Dans l’espace de la confédération de l’alliance des États du Sahel (AES), notre voisin nigérien a déjà donné le ton. Le 26 mars 2025, Niamey dissout les partis politiques. Un Big Brother de la restriction des libertés. Certains font la fête. D’autres résistent. Une résistance qui bourdonne dans l’excitation des mariages du dimanche. Elle s’incarne dans les gestes quotidiens pour améliorer les conditions de vie : se soigner, se loger, trouver un emploi, etc. Aujourd’hui à Bamako comme à Niamey, la solution se trouve dans un impératif absolu : le dialogue, Kumaŋɔgɔnya en Bambara, Seelaŋ nda cere en Songhay. Il y a sept siècles, en 1236, Soundiata Keïta faisait la paix entre ses différents territoires grâce à la charte de Kurukanfuga.
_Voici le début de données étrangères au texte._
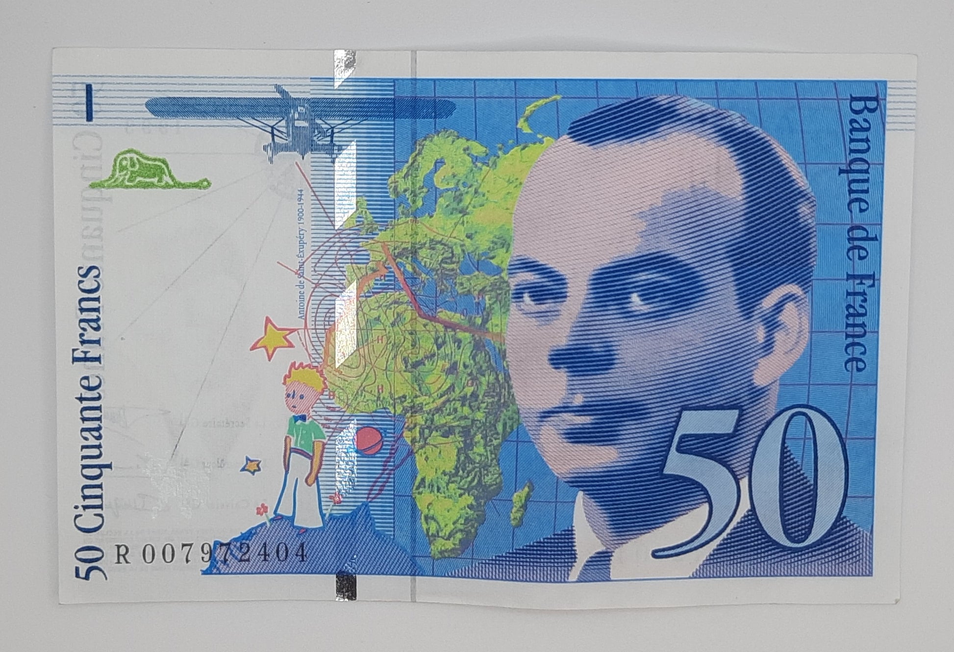 The 1993 France 50 Francs note is more than currency—it’s a gateway to France’s literary and aviation heritage. Despite its creased and folded condition, it remains a valuable and meaningful collectible for enthusiasts.

Elle a permis de favoriser l’égalité et le respect des droits. Cela s’appelle la démocratie. En ce moment de tensions politiques, le Mali gagnerait à s’inspirer de Kurukanfuga pour restaurer le dialogue comme l’avait institué le président Alpha Oumar Konaré.

Du commun

Konaré a compris que partir en guerre contre la démocratie, c’est ouvrir une crise politique sans issue. Car l’enjeu est moins le système démocratique que la résolution des situations d’injustices : corruption, impunité, accès aux services médicaux, éducatifs, sportifs... Par exemple, sa clairvoyance a permis d’obtenir l’organisation de la Coupe d’Afrique des nations (CAN) de football en 2002 au Mali, un pays où le football reste le sport roi. Aujourd’hui, les soirs de match du championnat européen, certaines rues de Bamako débordent de jeunes. Faute d’électricité ou par simple envie de soirée amicale, les jeunes supporters se retrouvent chez un commerçant ou un voisin, possesseur de panneau solaire, pour soutenir leur équipe : Barcelone, Manchester United, Olympique lyonnais, Real de Madrid, Stuttgart, etc. À l’image de leurs fans tels que Cissouma, Coulibaly, Diarra, Doucouré, Haïdara, Koné, Mbappé, Salah, Sissoko, Touré, Traoré, Yamal, etc., chacun se voit un jour porter le maillot d’un club de la Bundesliga, de Premier league ou de la Liga. Par le sport, les générations fraternisent. Il leur permet de faire du commun pour construire la paix.

De l’honneur

Au-delà du bal des prétendants, quittons le champ de bataille pour rejoindre l’arbre à palabre pour se parler dans un contexte sécuritaire exacerbé. Djibo (Burkina-Faso), Termit (Niger) et Gossi (Mali) imposent de se rassembler pour sauver les hommes, privés de protection. L’enjeu n’est ni de haïr les États-Unis d’Amérique, ni la fédération de Russie, ni la France, mais de ne pas masquer notre inconséquence. Il est aussi d’agir pour la survie des territoires. C’est enfin de ne pas abandonner les populations du Liptako-Gourma au profit de Bamako, Ouagadougou et Niamey. Les exécutifs doivent écouter et entendre les acteurs : associatif, citoyen, politique, scientifique, syndicaliste, etc. C’est une question d’honneur.

Enfin, il est certain que nous avons intérêt à coordonner nos efforts et à oser dialoguer pour faire la paix et retrouver l’ordre constitutionnel.